What you need to do
The lines below from the one with "This handmade, rose" up to and including the one with "612 581 mit" are what you should set down, exactly and without pictures.

Records for this exercise
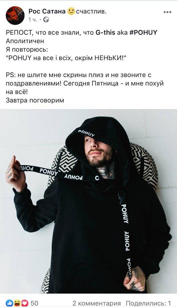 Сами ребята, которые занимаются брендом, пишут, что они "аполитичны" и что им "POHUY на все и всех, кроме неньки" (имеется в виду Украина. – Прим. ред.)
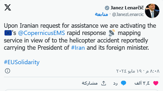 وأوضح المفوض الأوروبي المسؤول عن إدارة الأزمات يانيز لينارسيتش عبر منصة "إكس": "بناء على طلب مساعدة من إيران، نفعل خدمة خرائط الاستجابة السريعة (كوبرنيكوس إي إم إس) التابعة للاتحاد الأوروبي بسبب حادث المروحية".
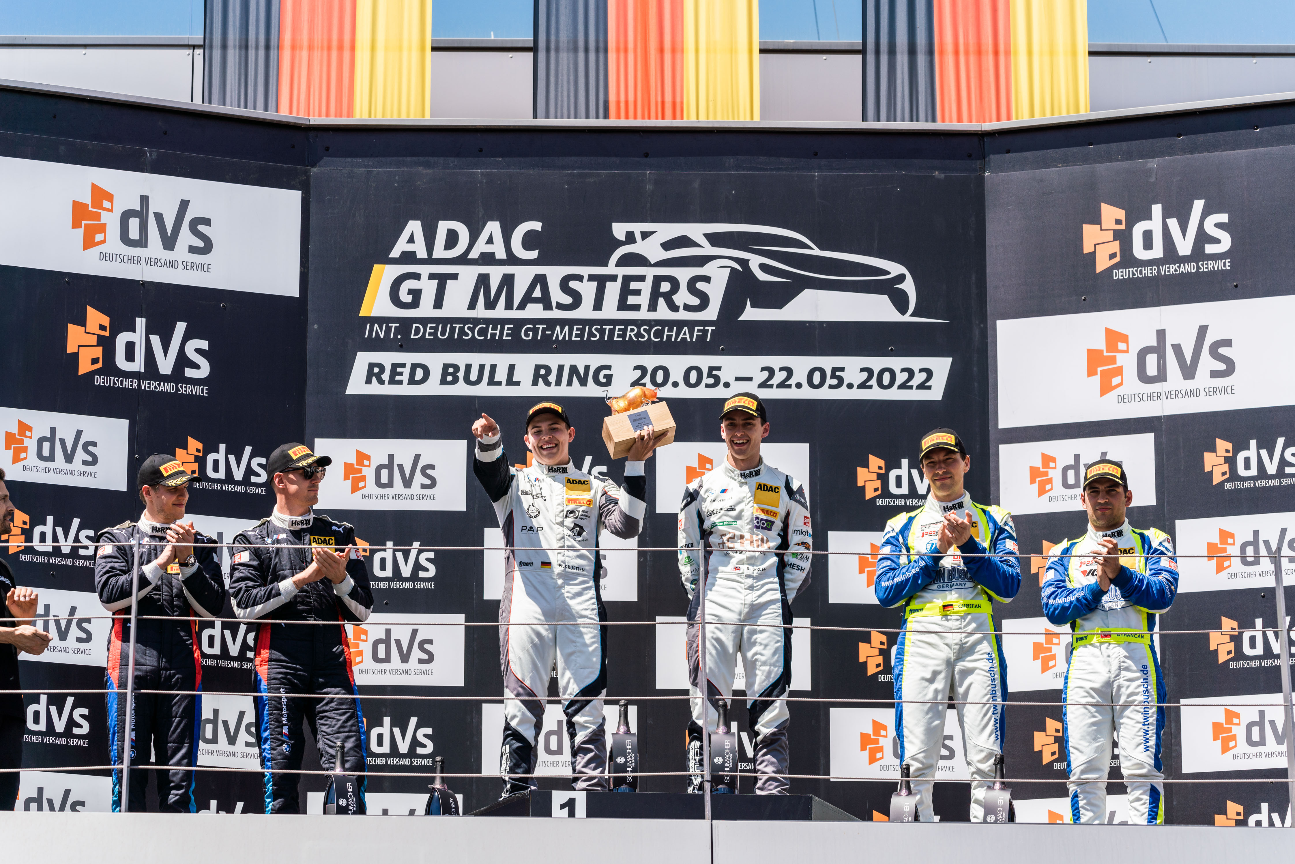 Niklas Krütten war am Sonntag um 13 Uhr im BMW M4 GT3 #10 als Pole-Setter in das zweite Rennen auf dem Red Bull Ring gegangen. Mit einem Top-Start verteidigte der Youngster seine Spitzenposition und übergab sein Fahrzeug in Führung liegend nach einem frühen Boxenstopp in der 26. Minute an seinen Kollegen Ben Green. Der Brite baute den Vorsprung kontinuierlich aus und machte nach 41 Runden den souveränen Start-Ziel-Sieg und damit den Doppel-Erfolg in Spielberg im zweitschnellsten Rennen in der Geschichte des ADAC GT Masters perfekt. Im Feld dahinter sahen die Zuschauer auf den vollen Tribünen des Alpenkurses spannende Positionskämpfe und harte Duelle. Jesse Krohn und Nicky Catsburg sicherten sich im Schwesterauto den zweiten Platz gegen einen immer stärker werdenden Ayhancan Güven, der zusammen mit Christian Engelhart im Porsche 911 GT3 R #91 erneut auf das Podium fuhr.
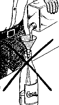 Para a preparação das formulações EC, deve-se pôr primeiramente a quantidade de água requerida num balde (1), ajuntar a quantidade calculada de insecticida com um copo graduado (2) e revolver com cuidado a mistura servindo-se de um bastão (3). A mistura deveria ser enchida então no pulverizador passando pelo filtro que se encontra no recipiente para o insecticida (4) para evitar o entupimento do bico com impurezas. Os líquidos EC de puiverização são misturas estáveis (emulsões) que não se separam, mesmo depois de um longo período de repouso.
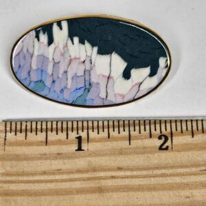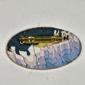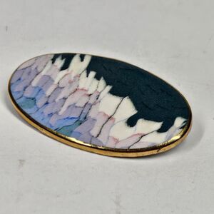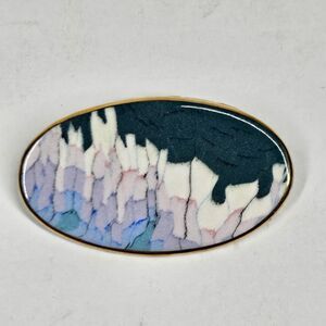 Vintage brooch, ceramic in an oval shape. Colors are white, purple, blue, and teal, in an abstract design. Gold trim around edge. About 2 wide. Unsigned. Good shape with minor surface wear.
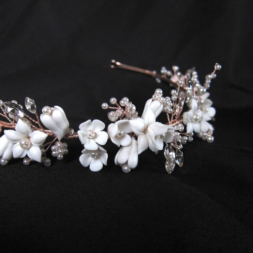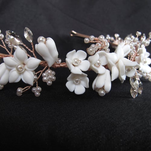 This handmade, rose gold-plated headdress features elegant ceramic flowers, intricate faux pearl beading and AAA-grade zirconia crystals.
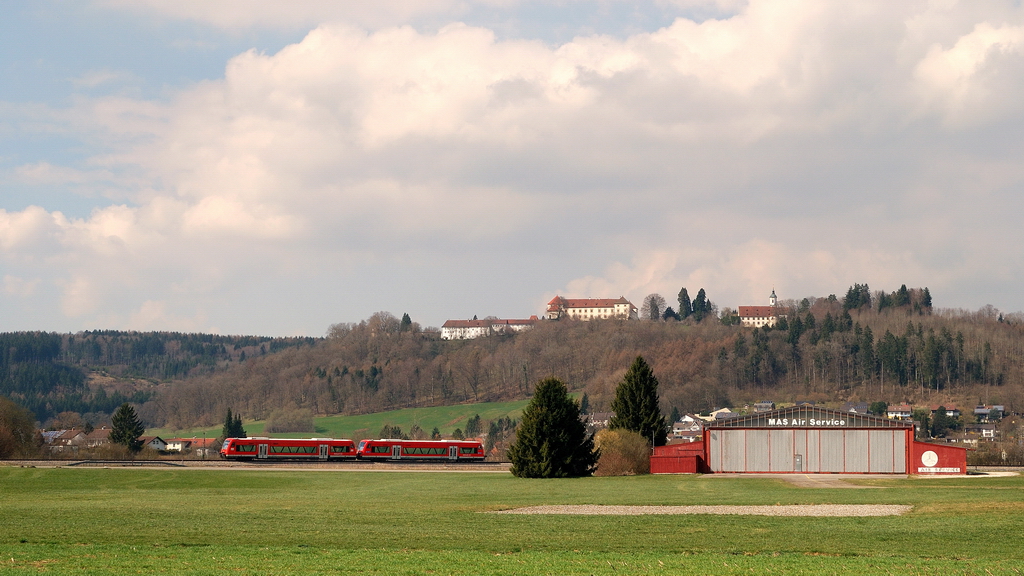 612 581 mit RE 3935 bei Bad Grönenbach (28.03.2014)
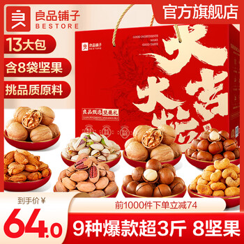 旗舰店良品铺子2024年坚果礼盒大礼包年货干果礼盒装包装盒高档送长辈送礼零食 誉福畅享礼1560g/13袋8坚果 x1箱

Task output
 This handmade, rose gold-plated headdress features elegant ceramic flowers, intricate faux pearl beading and AAA-grade zirconia crystals.
 612 581 mit RE 3935 bei Bad Grönenbach (28.03.2014)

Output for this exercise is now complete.